Crook Primary School in Co Durham and Brookside Special School in Derbyshire are both failing to provide pupils with an acceptable standard of education, Her Majesty's Inspectorate of schools says. Both have 40 days to produce action plans for improvements, and if John Patten, Secretary of State for Education, is not satisfied he can recruit 'education associations' to take over from the schools' head teachers and governors.
The schools are the first to fall foul of the 1993 Education Act, which aims to raise standards in failing schools. If the associations, which might include respected former head teachers or advisers, take over the schools and turn them round, the establishments will be removed from local authority control and become self-governing. If they fail to make significant improvements, they could be closed.
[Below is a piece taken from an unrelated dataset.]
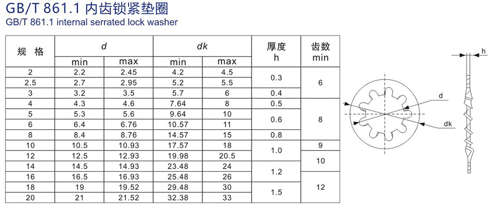 名稱:內(nèi)齒鎖緊墊圈 GB/T 861.1

Crook Primary School lies on the outskirts of Durham and has 369 pupils. Brookside Special School is in Breadsall, near Derby, and has 47 pupils with emotional and behavioural difficulties.
The inspectors found that Brookside was failing to meet the demands of the national curriculum, that it was not meeting proper health and safety standards, and that the use of physical restraint on pupils was 'a serious cause for concern'. Two compulsory subjects under the national curriculum - music and religious education - did not appear on the timetable and history was not taught to pupils aged 14 and over.
Although staff worked hard to create good relationships with pupils, too often the pupils were excluded from school for bad behaviour. Attendance in some classes was below 50 per cent, and pupils could opt in and out of the school's boarding accommodation at will. The school caters for all abilities, but none of the 16 pupils who were aged 16 last year was entered for GCSE examinations.
At Crook Primary School, the inspectors found that children were failing to fulfil their potential in every one of the 10 national curriculum subjects. Most of the pupils were badly behaved, they said, showing little care for their surroundings or for others, and a small number were aggressive. Pupils were under-achieving in two-thirds of lessons seen by the inspection team, and teaching quality was unsatisfactory in six out of 10 lessons.
Mr Patten expressed his 'very serious concern' over standards at the two schools.
'All our pupils deserve nothing less than an acceptable standard of education,' he said.
Privatised teams will carry out all school inspections in future, but in the current academic year, HMIs are still responsible for special schools and primary schools.
Doug McAvoy, general secretary of the National Union of Teachers, said yesterday that the schools' problems would be compounded by the fact that they had been 'publicly pilloried'.
'This will undermine morale among staff and disrupt the education of pupils, causing unnecessary distress to pupils and parents,' he said.
Senior staff at Stratford School in Newham, east London, an opted- out school whose head, Anne Snelling, was accused of racism last year by two of the school's governors, were expecting to be told yesterday that they were to be the subject of a critical report from schools inspectors.
The inspectors, who spent a week at the school at the end of last month, will explain their findings to governors at the school on Monday. Its GCSE results were among the lowest in London this year, with just 4 per cent gaining five or more A to C grades.